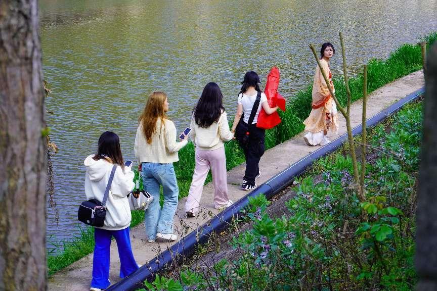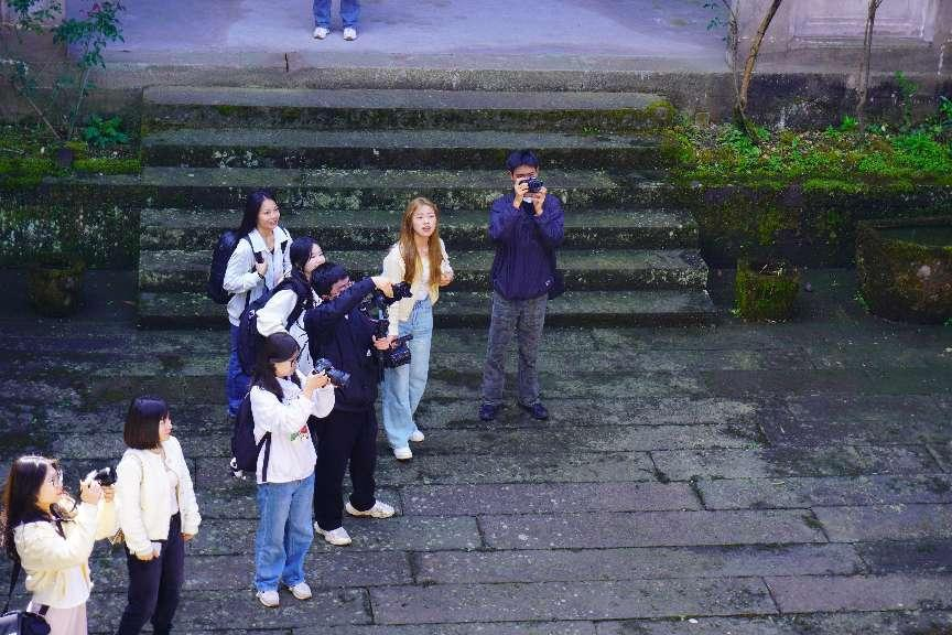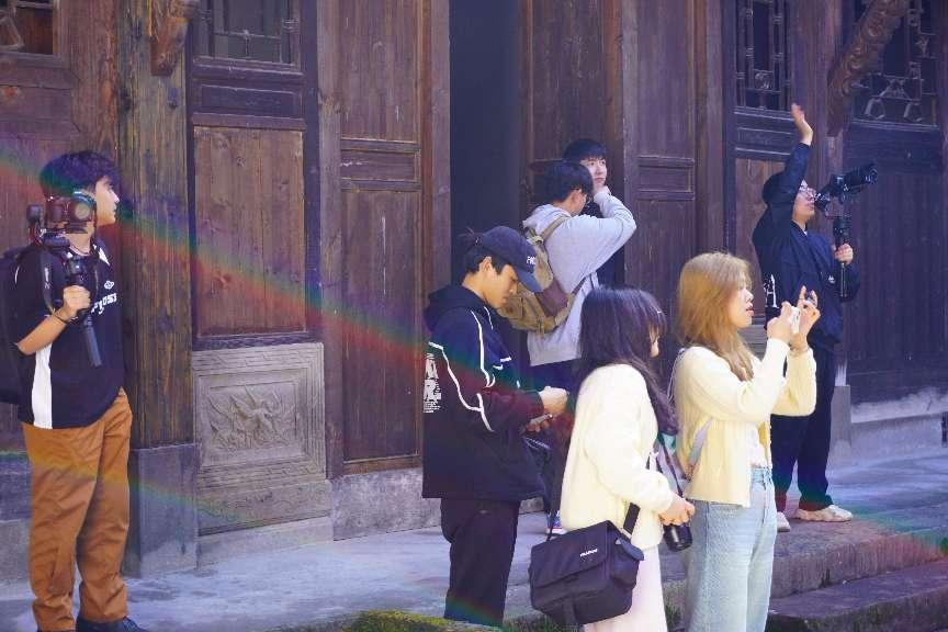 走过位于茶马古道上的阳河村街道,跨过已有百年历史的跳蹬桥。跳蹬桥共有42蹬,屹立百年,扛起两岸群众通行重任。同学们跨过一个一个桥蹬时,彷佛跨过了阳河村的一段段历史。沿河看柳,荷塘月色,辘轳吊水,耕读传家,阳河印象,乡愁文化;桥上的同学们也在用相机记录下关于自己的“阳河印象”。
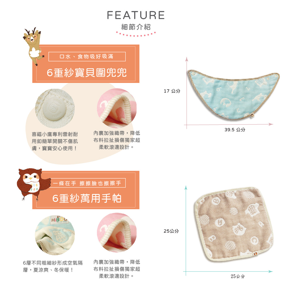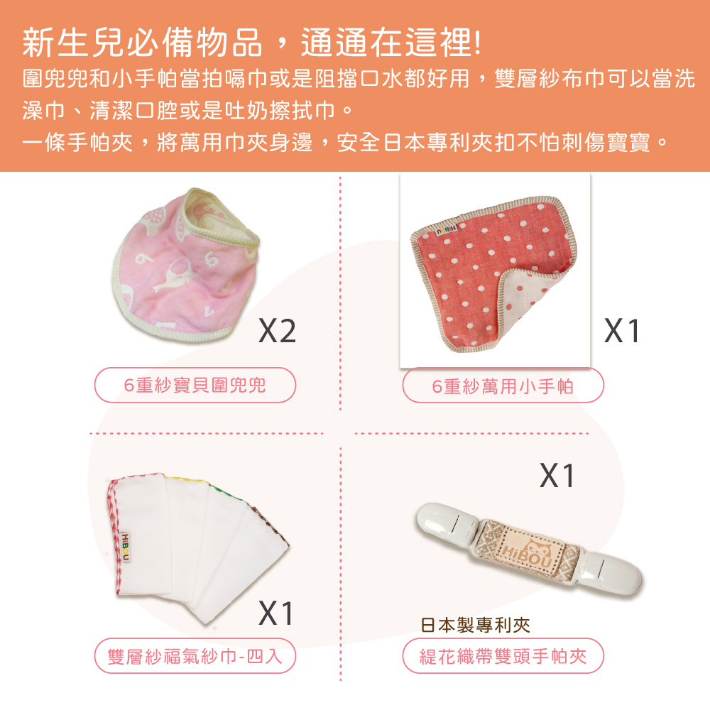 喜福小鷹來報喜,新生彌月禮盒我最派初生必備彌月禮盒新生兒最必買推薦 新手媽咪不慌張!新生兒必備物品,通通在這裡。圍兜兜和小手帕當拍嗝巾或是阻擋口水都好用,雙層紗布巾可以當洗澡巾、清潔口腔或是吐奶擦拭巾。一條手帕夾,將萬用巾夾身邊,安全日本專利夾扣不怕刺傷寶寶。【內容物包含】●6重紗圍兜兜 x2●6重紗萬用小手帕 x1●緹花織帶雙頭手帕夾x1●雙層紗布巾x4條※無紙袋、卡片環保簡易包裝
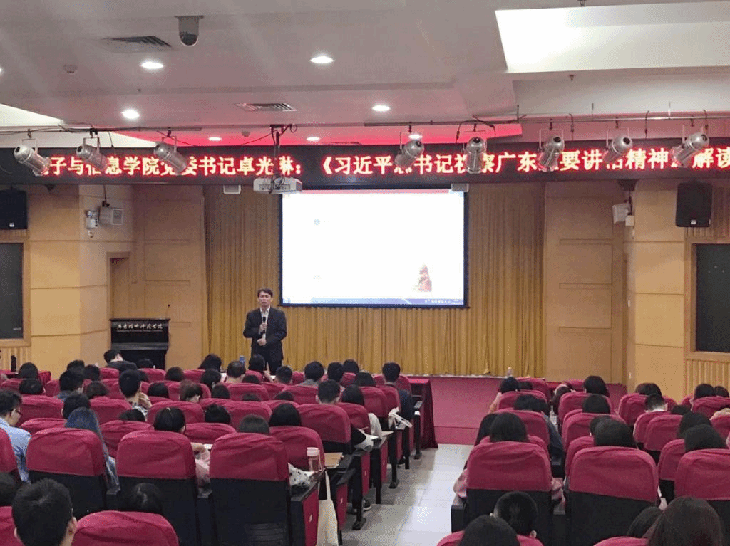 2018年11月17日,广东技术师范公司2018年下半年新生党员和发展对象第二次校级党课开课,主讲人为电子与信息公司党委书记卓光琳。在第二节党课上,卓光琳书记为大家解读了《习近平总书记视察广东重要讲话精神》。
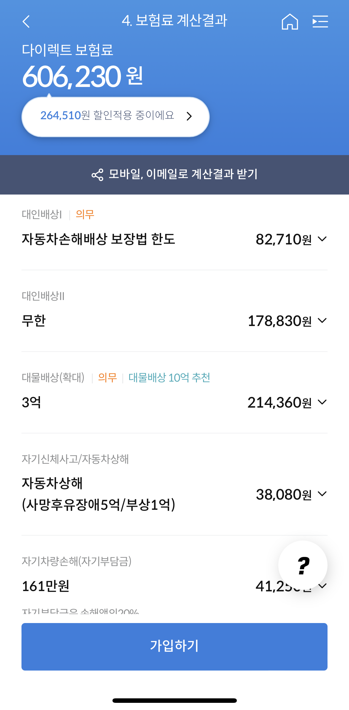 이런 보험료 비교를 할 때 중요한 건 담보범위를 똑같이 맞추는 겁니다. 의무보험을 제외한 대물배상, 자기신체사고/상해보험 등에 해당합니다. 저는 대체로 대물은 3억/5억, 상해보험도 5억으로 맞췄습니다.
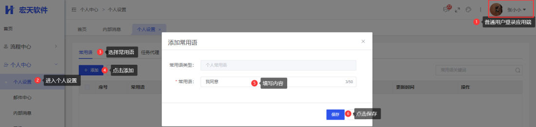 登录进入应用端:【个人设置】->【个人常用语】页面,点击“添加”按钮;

--

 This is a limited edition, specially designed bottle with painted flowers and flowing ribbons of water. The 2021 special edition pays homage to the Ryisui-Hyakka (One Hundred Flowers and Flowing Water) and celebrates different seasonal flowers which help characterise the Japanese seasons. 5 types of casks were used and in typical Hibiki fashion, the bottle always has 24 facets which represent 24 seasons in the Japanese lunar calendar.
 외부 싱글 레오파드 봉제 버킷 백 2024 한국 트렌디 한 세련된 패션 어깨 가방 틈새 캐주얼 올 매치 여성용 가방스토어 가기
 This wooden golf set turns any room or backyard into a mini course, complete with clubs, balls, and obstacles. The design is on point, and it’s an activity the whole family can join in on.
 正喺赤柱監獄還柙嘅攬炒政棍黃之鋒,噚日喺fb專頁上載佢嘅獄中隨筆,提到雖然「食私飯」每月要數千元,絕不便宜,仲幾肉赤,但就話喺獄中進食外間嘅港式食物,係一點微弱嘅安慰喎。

WORK ORDER: Write out exactly the lines that fall from the line with "This wooden golf" to the line with "正喺赤柱監獄還柙嘅攬炒政棍黃" in the records above, keeping both ends.

SOLVED PROBLEM:
 This wooden golf set turns any room or backyard into a mini course, complete with clubs, balls, and obstacles. The design is on point, and it’s an activity the whole family can join in on.
 正喺赤柱監獄還柙嘅攬炒政棍黃之鋒,噚日喺fb專頁上載佢嘅獄中隨筆,提到雖然「食私飯」每月要數千元,絕不便宜,仲幾肉赤,但就話喺獄中進食外間嘅港式食物,係一點微弱嘅安慰喎。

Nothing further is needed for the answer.